At this year’s ICML conference, scientists at IBM Research and Taiwan’s National Tsing Hua University Research introduced “black-box adversarial reprogramming” (BAR), an alternative repurposing technique that turns a supposed weakness of deep neural networks into a strength.

BAR expands the original work on adversarial reprogramming and previous work on black-box adversarial attacks to make it possible to expand the capabilities of deep neural networks even when developers don’t have full access to the model.

Pretrained and finetuned deep learning models

When you want to develop an application that requires deep learning, one option is to create your own neural network from scratch and train it on available or curated examples. For instance, you can use ImageNet, a public dataset that contains more than 14 million labeled images.

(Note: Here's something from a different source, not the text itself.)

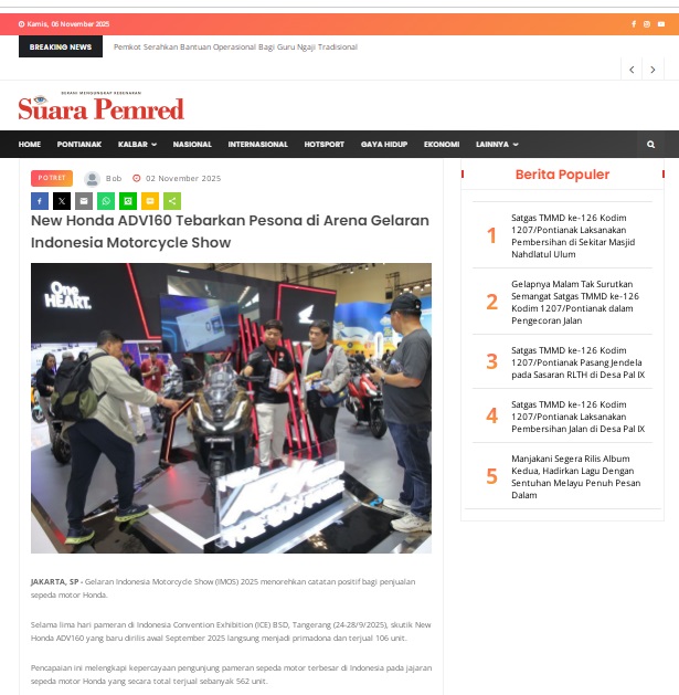 New Honda ADV160 Tebarkan Pesona di Arena Gelaran Indonesia Motorcycle Show by masmul 2 November 2025 in Silahkan kunjungi https://www.suarapemredkalbar.com/read/potret/02112025/new-honda-adv160-tebarkan-pesona-di-arena-gelaran-indonesia-motorcycle-show. You Might Like Regional Public Launching New ADV160 The SUV Pride Grand Launching New PCX 160 Truly Exceptional! Tetap hati-hati ya bro sist berkendara saat hujan.

There is a problem, however. First, you must find the right architecture for the task, such as the number and sequence of convolution, pooling, and dense layers. You must also decide the number of filters and parameters for each layer, the learning rate, optimizer, loss function, and other hyperparameters. A lot of these decisions require trial-and-error training, which is a slow and costly process unless you have access to strong graphics processors or specialized hardware such as Google’s TPU.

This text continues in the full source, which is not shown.